Bay Area Rental Price Heatmap by ZIP Code - stathack
http://kwelia.tumblr.com/

======
jaggederest
This is fairly off topic, but as someone who has dabbled with GIS before, zip
codes mapped as geographic areas bother me.

"ZIP codes designate only delivery points within the United States and its
dependencies, as well as locations of its armed forces."

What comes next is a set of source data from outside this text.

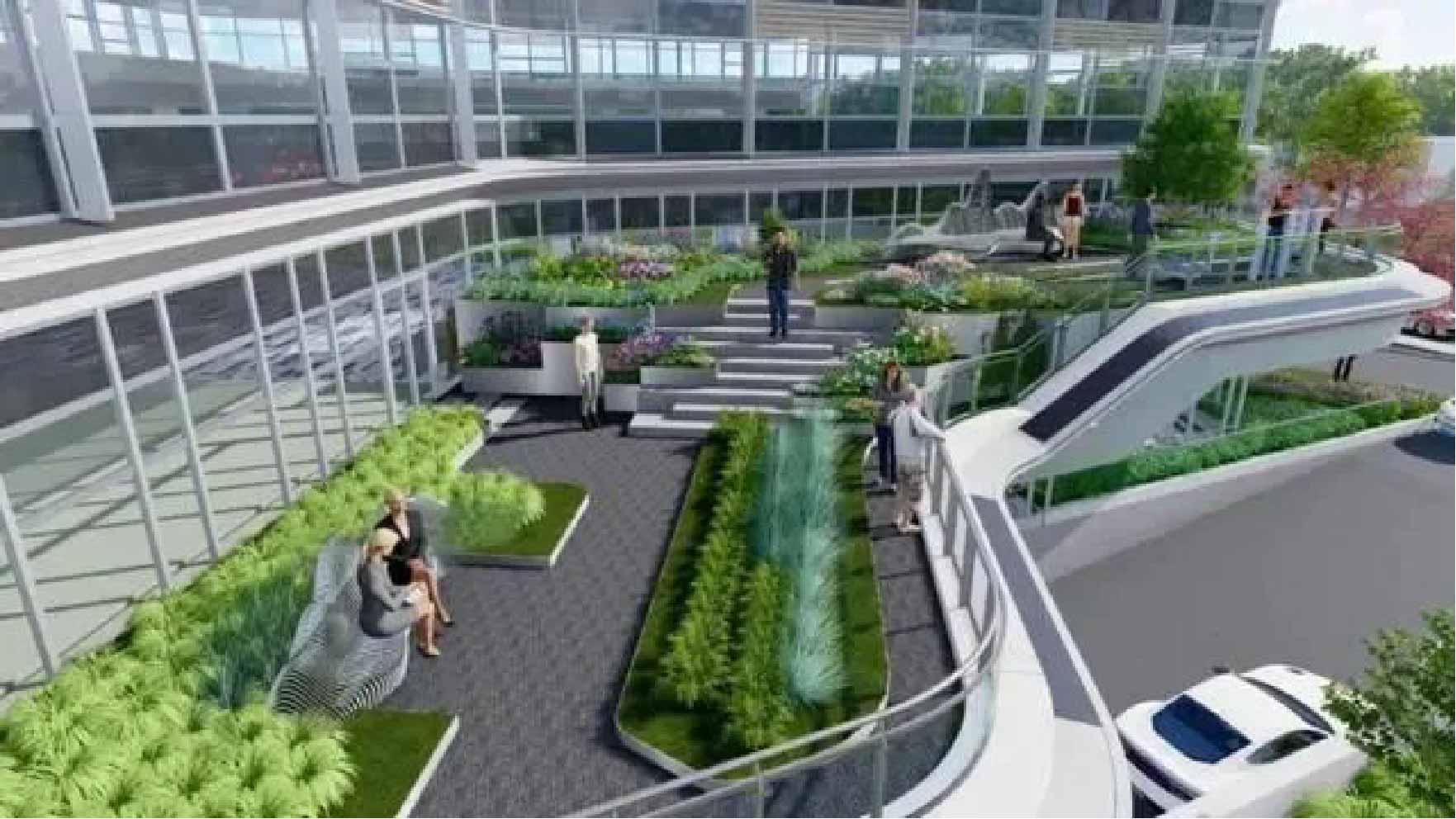 屋顶花园与光伏棚架效果图
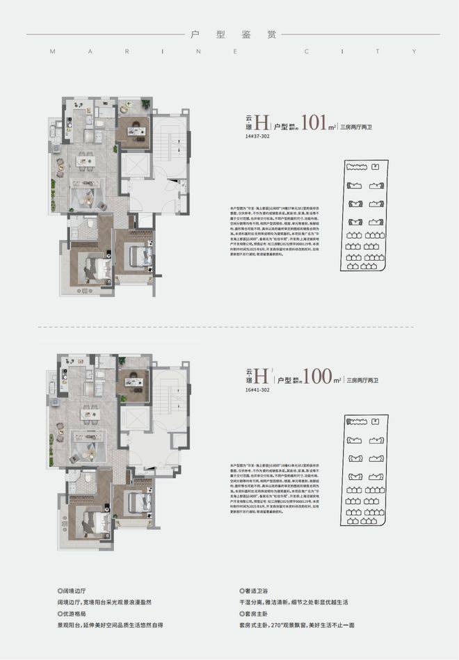 H户型:把“江景+中轴+墅区”这三种景观资源一网打尽!
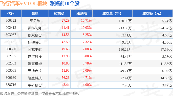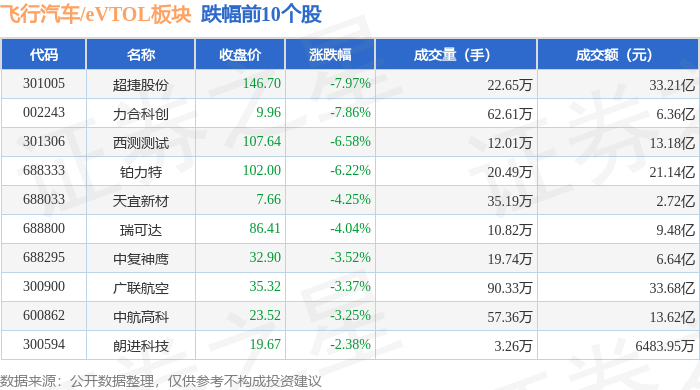 从资金流向上来看,当日飞行汽车/eVTOL板块主力资金净流出8.4亿元,游资资金净流出2.54亿元,散户资金净流入10.94亿元。飞行汽车/eVTOL板块个股资金流向见下表:
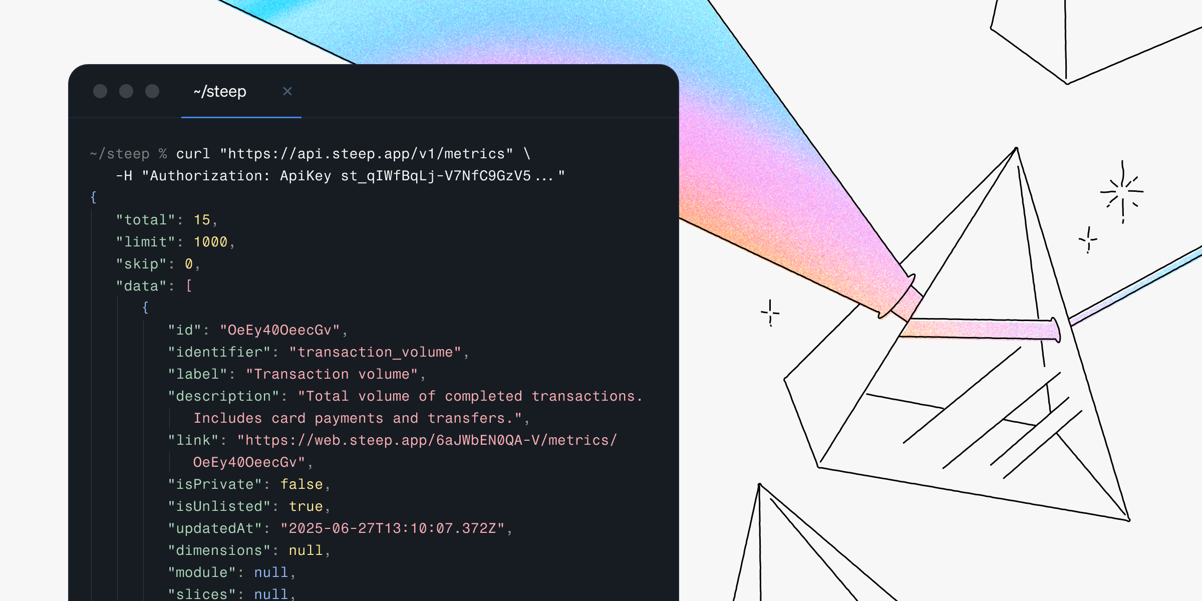Introducing the Steep API, a major release that expands your centrally defined metrics beyond Steep’s UI and into anything you build.
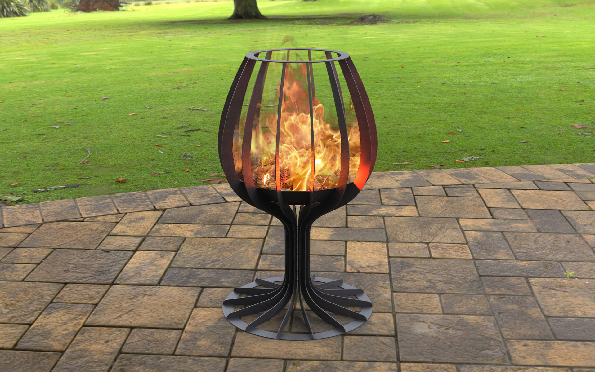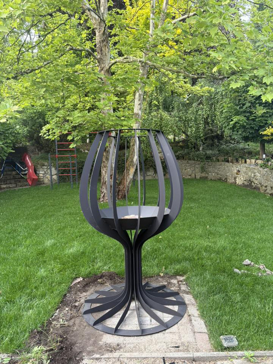 Otwarta konstrukcja z dynamicznie wygiętymi ramionami doskonale eksponuje płomienie i zapewnia naturalną cyrkulację powietrza, tworząc wyjątkową atmosferę zarówno za dnia, jak i po zmroku. Helios Cup wykonany jest z solidnej stali konstrukcyjnej o grubości 3 mm, zabezpieczonej farbą żaroodporną odporną na wysokie temperatury i warunki atmosferyczne.

<http://en.wikipedia.org/wiki/ZIP_code>

So a zip code is more properly represented as an ordered point string or point
cloud, rather than an area. There exist zip codes with up to 11 non-contiguous
areas, zip codes which are valid only for the north half of an east-west
street, and other oddities. You can fudge this a little by just drawing
bounding boxes, but then you have up to 5 zip codes overlapping in some
places.

That bit of trivia aside, they do make sense from a real estate point of view
because a) all domiciles will have a zip code and b) it is usually freely
available on listings.

Generally though, it's better to translate any given address to a census tract
or census block group, since those divisions are actually defined as "a
geographic region defined for the purpose of taking a census" - they can be
properly mapped without ambiguity, crossovers, discontinuities, and other
boggling features of zip codes, (though not of course with _perfect_
regularity) and they also coordinate well with demographic data like median
income - I'd be very interested to see a graph of percent of median income per
square foot - I suspect you'd find some very 'hot' areas that don't seem like
it.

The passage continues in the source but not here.